§ ABOUT THIS TASK
Transcribe the lines below verbatim, skipping the images.

Data records:
────────
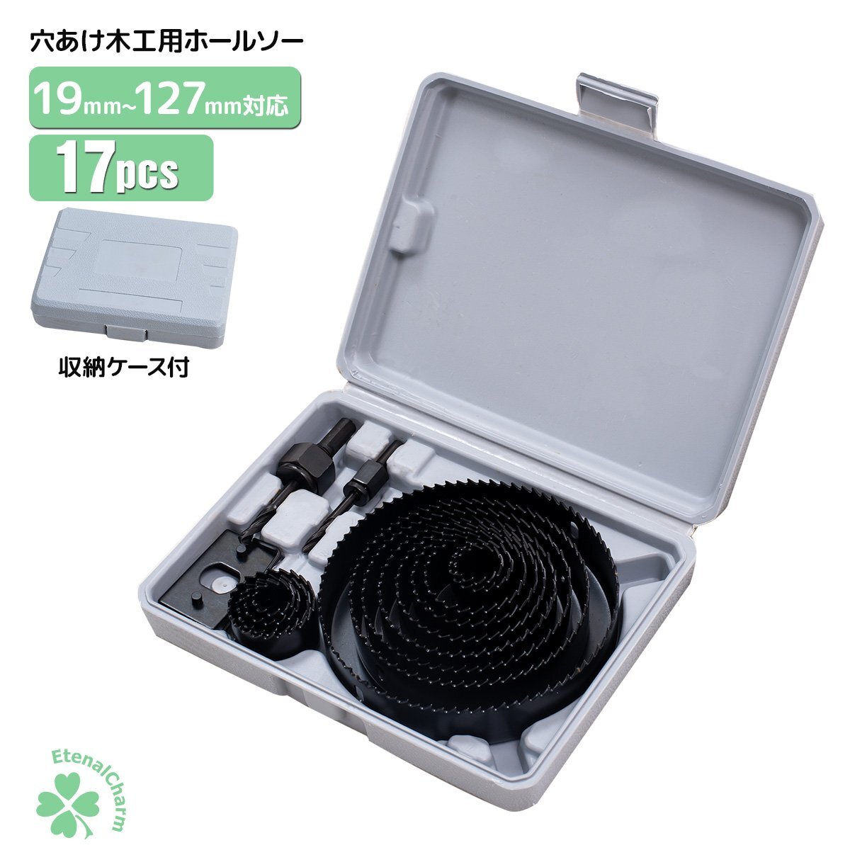 【送料無料】ホールソー 17点セット 木工 石膏ボード プラスチック 電動ドリル用 収納ケース付き DIY 家庭用 穴あけ工具
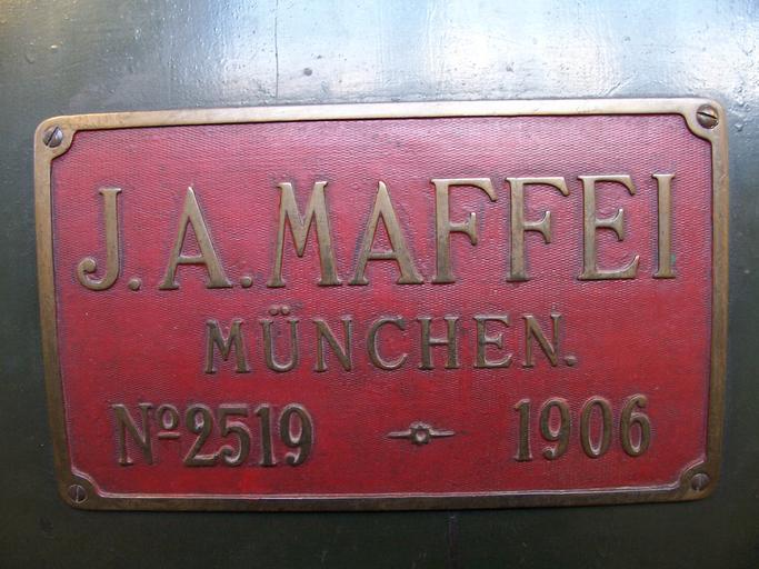 | Keywords: J.A. Maffei - Nurnberg.JPG en A board from locomotive manufacturer J A Maffei Picture made in train museum Nürnberg nl Een bord van locomotieffabrikant J A Maffei Foto is gemaakt in treinmuseum Nürnberg own Steven Lek 2009 J A Maffei Rolling stock builder's plates of German manufacturers |
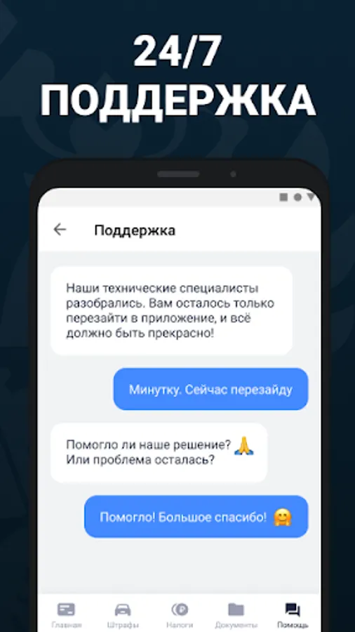 At your service is an application connected to the official databases of the traffic police, GIS GMP, FSSP, DIT. This means that any information on taxes and fines is absolutely reliable.
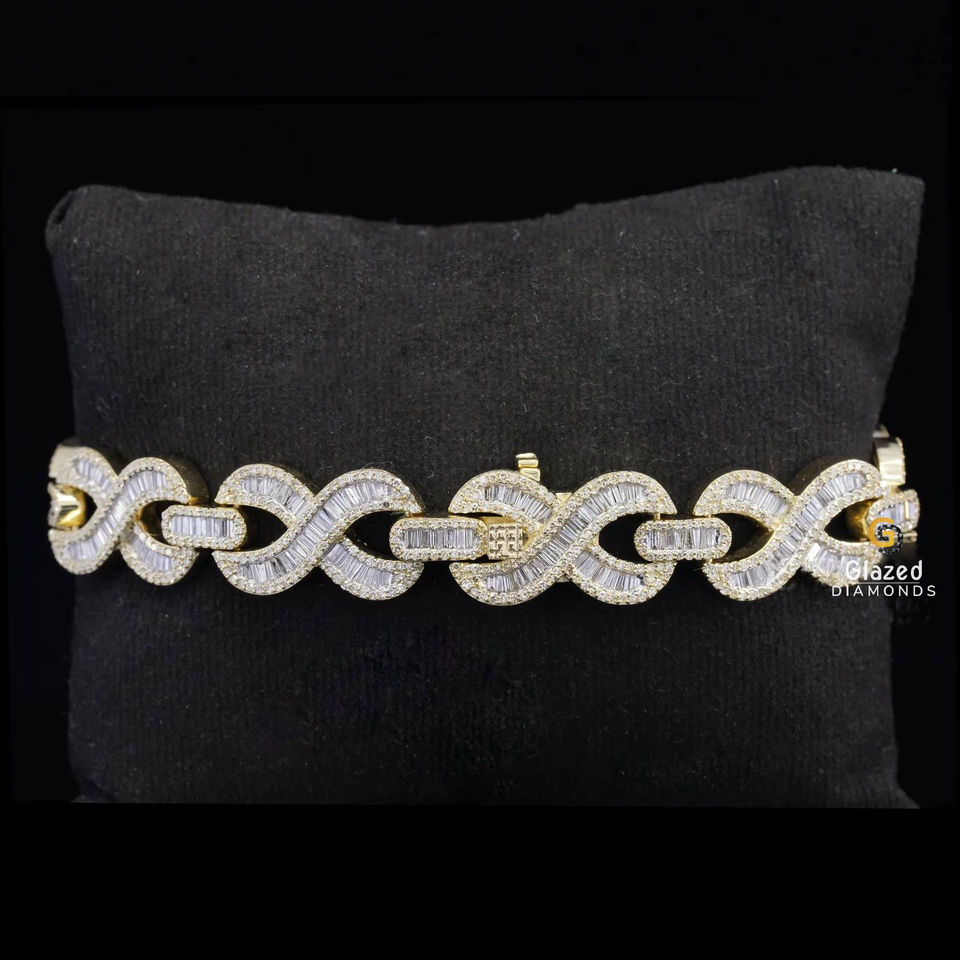 สร้อยข้อมือฮิปฮอปแฟชั่นทำจากเพชรโมอิส925สเตอร์ลิงทรงกลมและบาแกตต์ตัด
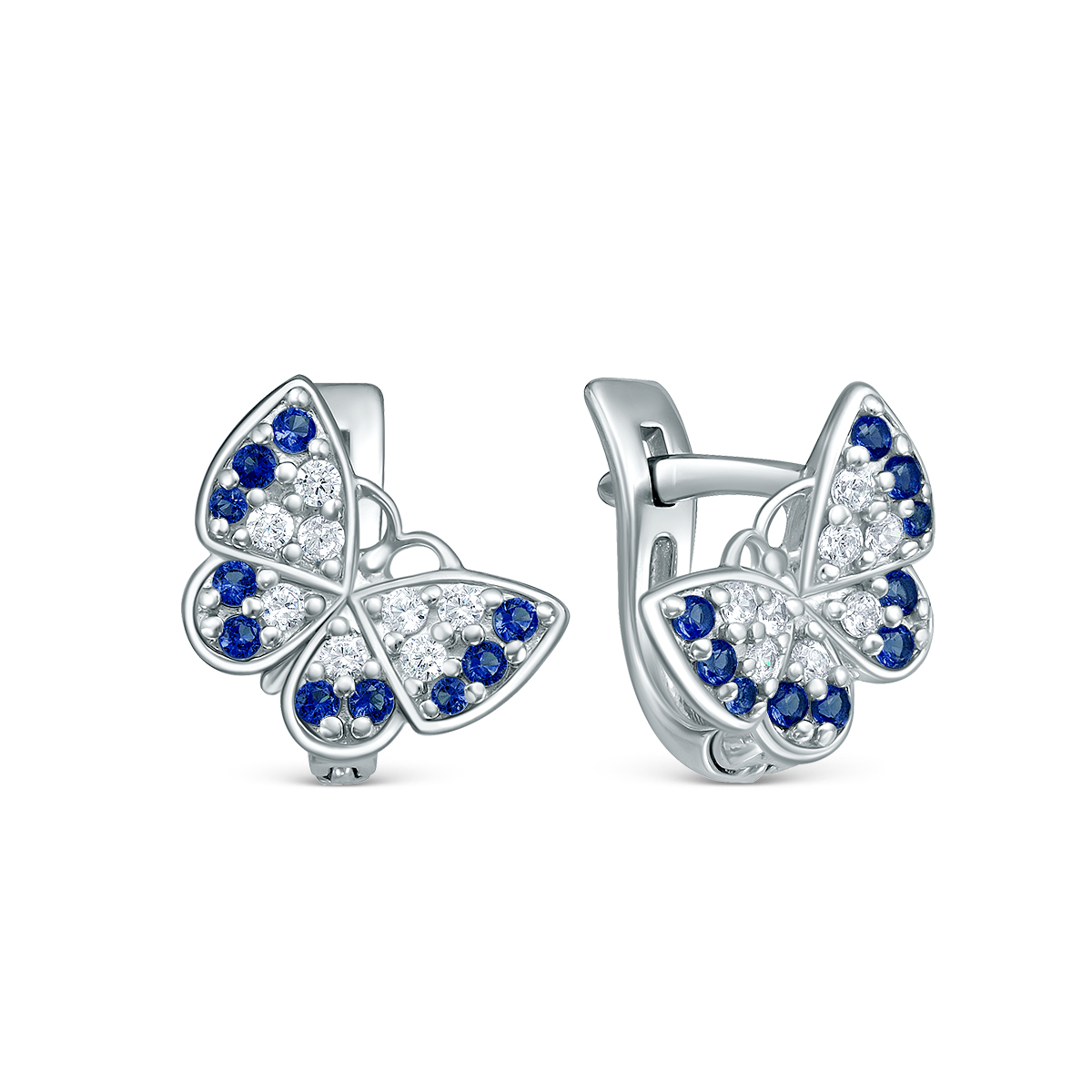 Серьги из серебра с фианитами родированные - Бабочки 1,2 см 925 пробы с2-086-4р208
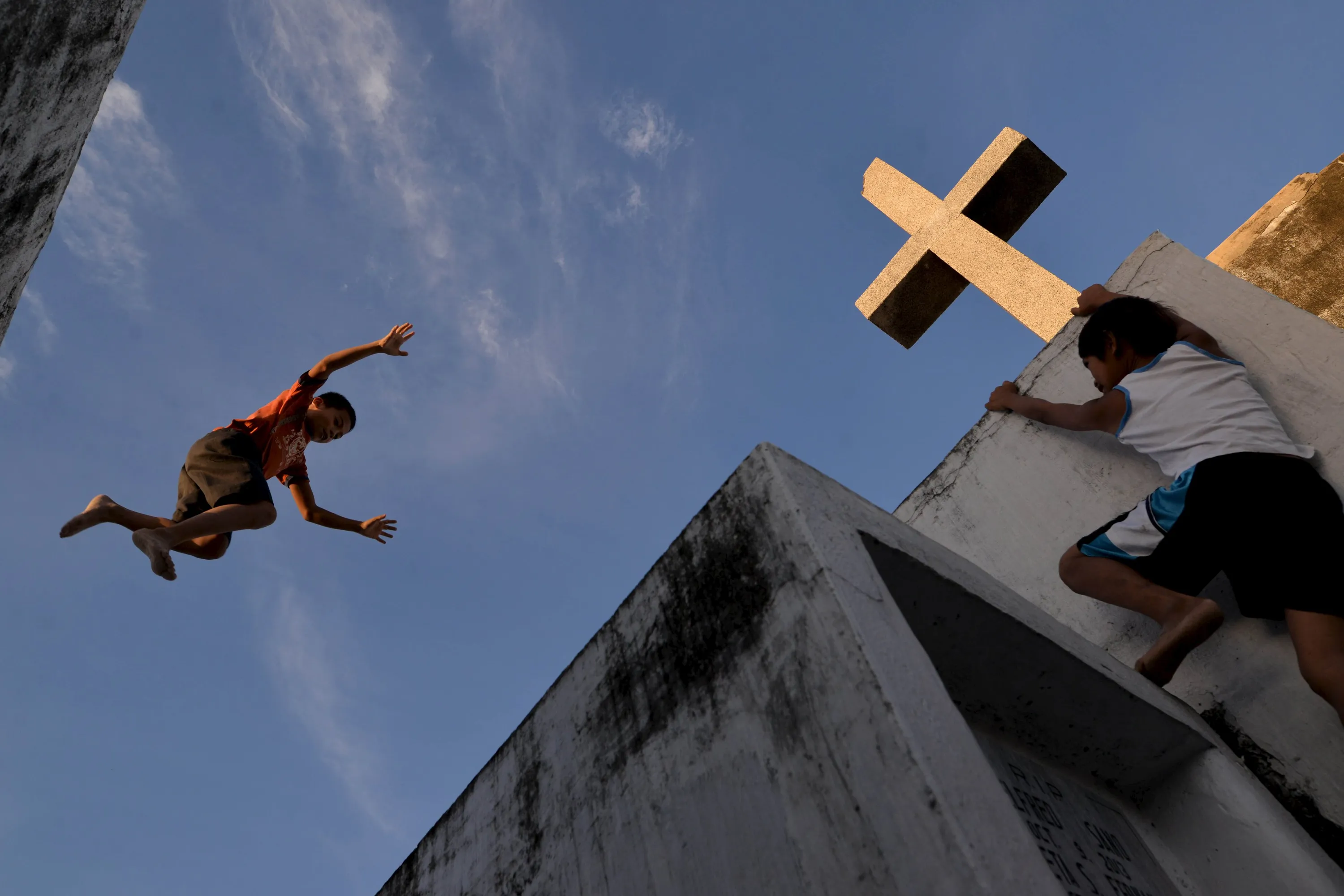 Children play alongside tombs inside the municipal cemetery in Navotas city, north of Manila October 29, 2015. (Photo by Ezra Acayan/Reuters)
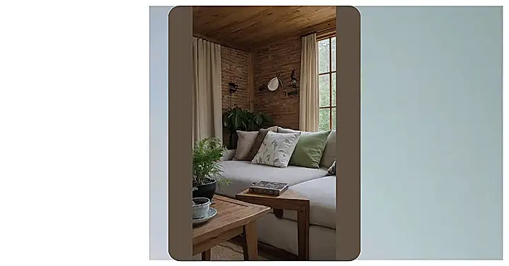 This living room looks like it’s straight out of a nature magazine! The big windows let in tons of sunshine, and the huge plant makes you feel like you’re chilling in a jungle. The couch is super comfy, perfect for relaxing and reading a book. Imagine curling up with a good story and watching the leaves sway in the breeze.
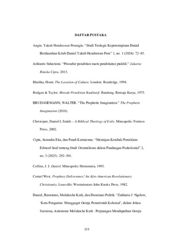 MAYOPU, Febrizen Alvaro (2025) PEMUDA & KONFLIK IDENTITAS: Analisis Poskolonial Daniel 1 & Relevansinya bagi Pemuda GMIT Yegar Sahaduta Bello. Masters thesis, Artha Wacana Christian University.
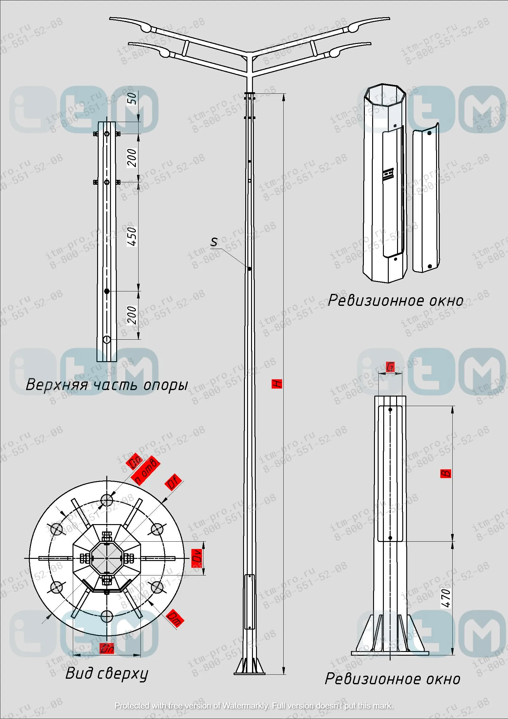 Опора СФГ-1000-10.0 – это стальной граненый столб, для организации освещения, его необходимо укомплектовать:
────────
§ EXERCISE RESULT
 【送料無料】ホールソー 17点セット 木工 石膏ボード プラスチック 電動ドリル用 収納ケース付き DIY 家庭用 穴あけ工具
 | Keywords: J.A. Maffei - Nurnberg.JPG en A board from locomotive manufacturer J A Maffei Picture made in train museum Nürnberg nl Een bord van locomotieffabrikant J A Maffei Foto is gemaakt in treinmuseum Nürnberg own Steven Lek 2009 J A Maffei Rolling stock builder's plates of German manufacturers |
 At your service is an application connected to the official databases of the traffic police, GIS GMP, FSSP, DIT. This means that any information on taxes and fines is absolutely reliable.
 สร้อยข้อมือฮิปฮอปแฟชั่นทำจากเพชรโมอิส925สเตอร์ลิงทรงกลมและบาแกตต์ตัด
 Серьги из серебра с фианитами родированные - Бабочки 1,2 см 925 пробы с2-086-4р208
 Children play alongside tombs inside the municipal cemetery in Navotas city, north of Manila October 29, 2015. (Photo by Ezra Acayan/Reuters)
 This living room looks like it’s straight out of a nature magazine! The big windows let in tons of sunshine, and the huge plant makes you feel like you’re chilling in a jungle. The couch is super comfy, perfect for relaxing and reading a book. Imagine curling up with a good story and watching the leaves sway in the breeze.
 MAYOPU, Febrizen Alvaro (2025) PEMUDA & KONFLIK IDENTITAS: Analisis Poskolonial Daniel 1 & Relevansinya bagi Pemuda GMIT Yegar Sahaduta Bello. Masters thesis, Artha Wacana Christian University.
 Опора СФГ-1000-10.0 – это стальной граненый столб, для организации освещения, его необходимо укомплектовать:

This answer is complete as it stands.